Theodorou Brandon, Xiao Cao, Glass Lucas, Sun Jimeng
Department of Computer Science, University of Illinois at Urbana-Champaign, Urbana, IL, USA.
GE Healthcare, Seattle, WA, USA.
Patterns (N Y). 2025 May 8;6(6):101261. doi: 10.1016/j.patter.2025.101261. eCollection 2025 Jun 13.
We introduce MediSim, a multi-modal generative model for simulating and augmenting electronic health records across multiple modalities, including structured codes, clinical notes, and medical imaging. MediSim employs a multi-granular, autoregressive architecture to simulate missing modalities and visits and iterative, reinforcement learning-based training to improve simulation in low-data settings. Additionally, it utilizes encoder-decoder model pairs to handle complex modalities like notes and images. Experiments on outpatient claims and inpatient ICU datasets have demonstrated MediSim's superiority over baselines in predicting missing codes, creating enriched data, and improving downstream predictive modeling. Specifically, MediSim improved over 74% on missing code prediction, enabled up to 65% better downstream predictive performance compared to original deficient records missing either some visits or entire data modalities, and successfully produced realistic note and X-ray samples for use in downstream tasks.
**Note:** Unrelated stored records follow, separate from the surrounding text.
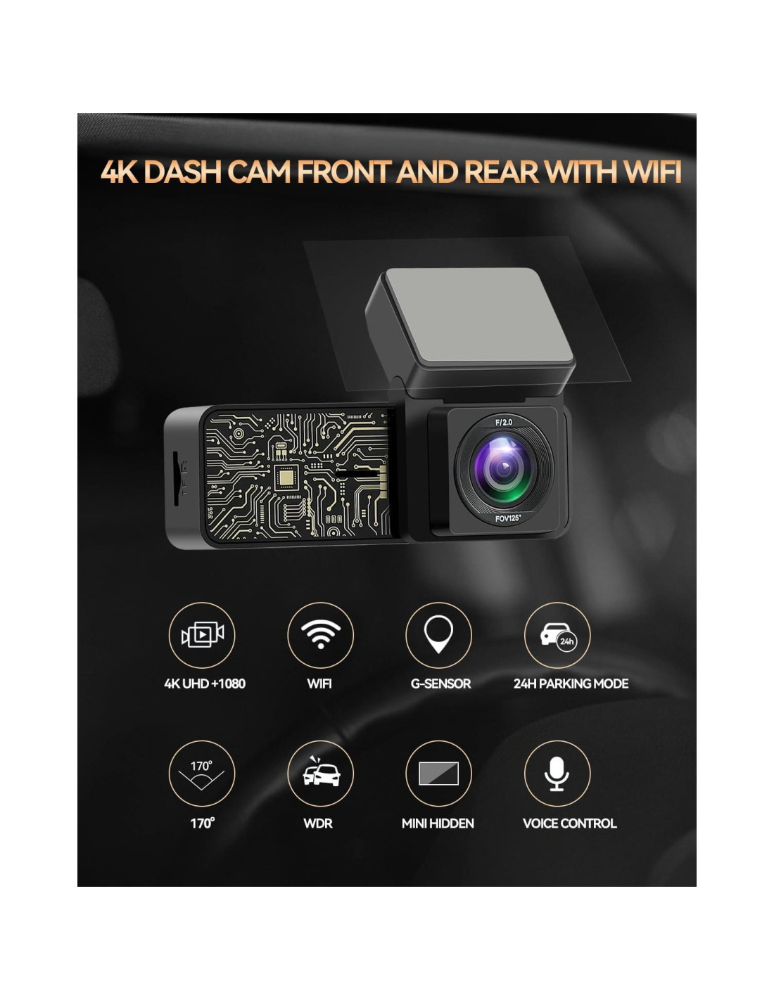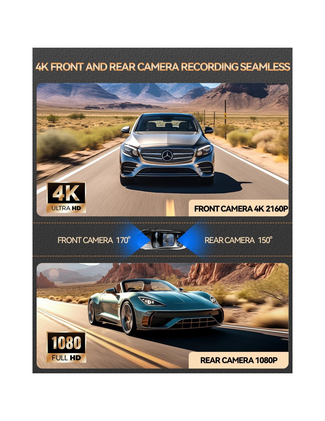- Características especiales: Cámara Dash 4K Delantera y Trasera, Cámara Dash WiFi Integrada, Monitor de Estacionamiento 24H G-sensor, Grabación en Bucle Time-lapse, Cámara de Auto con Control por Voz
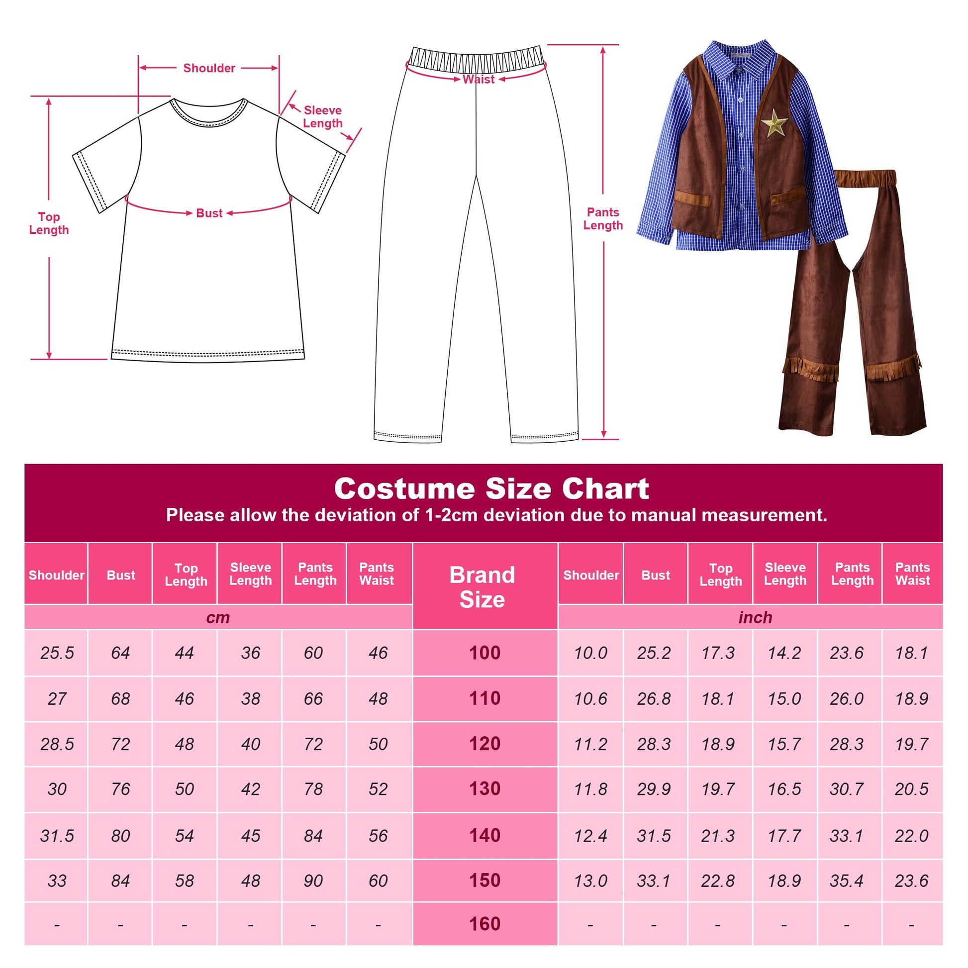 ?Material?: 100% polyester | ?Design?: Pants tassel design; Vest and shirt can be separated | ?Content?: Blue shirt, vest, pants, vest and cowboy hat | ?Occasions?: Suitable for performance, dance party, Halloween, cosplay, birthdays etc | ?Precautions?: Avoid cleaning with hot water; Hand wash, do not bleach. Do not dry clean.
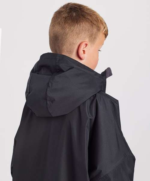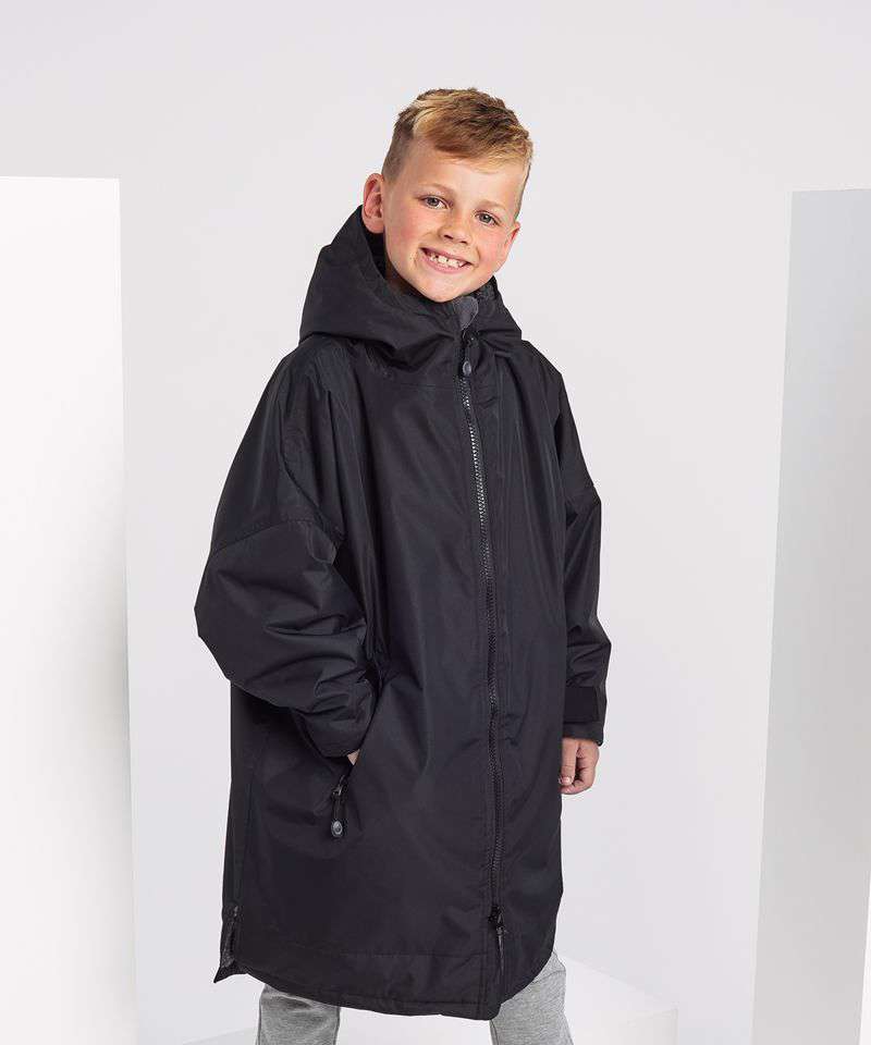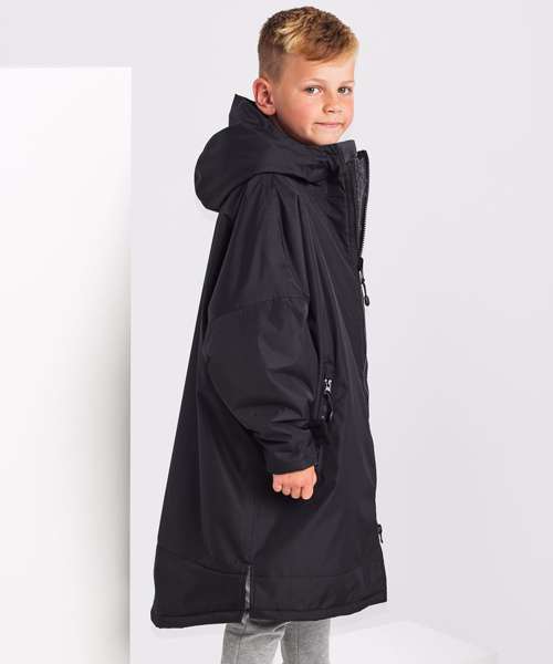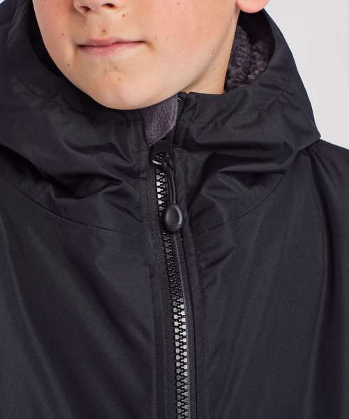 Unisex. Oversized. Full-length two-way plastic zip with easy pull toggles. Chin guard. Oversized fit. Side vents. Adjustable cuffs with hook and loop fastening. Side zip pockets. Inside pocket with zip on the left side. Inside patch pocket on the right side. 3-panelled hood. Loop on the centre back of the jacket for hanging the robe. Dropped back hemline. (5000/5000 waterproof and windproof). Embroidery access to the back and chest area can be accessed through here. Waterproof taped seamed outer layer. Sherpa fleece interior. Rebrandable stuff sack carry bag with double drawstring straps. CE Class 1 Certified.

MediSim's ability to generate comprehensive, high-dimensional EHR data has the potential to significantly improve AI applications throughout healthcare.
我们介绍了MediSim,这是一种多模态生成模型,用于跨多种模态模拟和扩充电子健康记录,这些模态包括结构化代码、临床笔记和医学影像。MediSim采用多粒度自回归架构来模拟缺失的模态和就诊信息,并通过基于强化学习的迭代训练来改善低数据环境下的模拟效果。此外,它利用编码器-解码器模型对来处理像笔记和图像这样的复杂模态。在门诊索赔和住院重症监护病房数据集上进行的实验表明,MediSim在预测缺失代码、创建丰富数据以及改进下游预测建模方面优于基线模型。具体而言,MediSim在缺失代码预测方面提高了74%以上,与缺少某些就诊信息或整个数据模态的原始缺陷记录相比,下游预测性能提高了65%,并成功生成了用于下游任务的逼真的笔记和X光样本。MediSim生成全面、高维电子健康记录数据的能力有可能显著改善整个医疗保健领域的人工智能应用。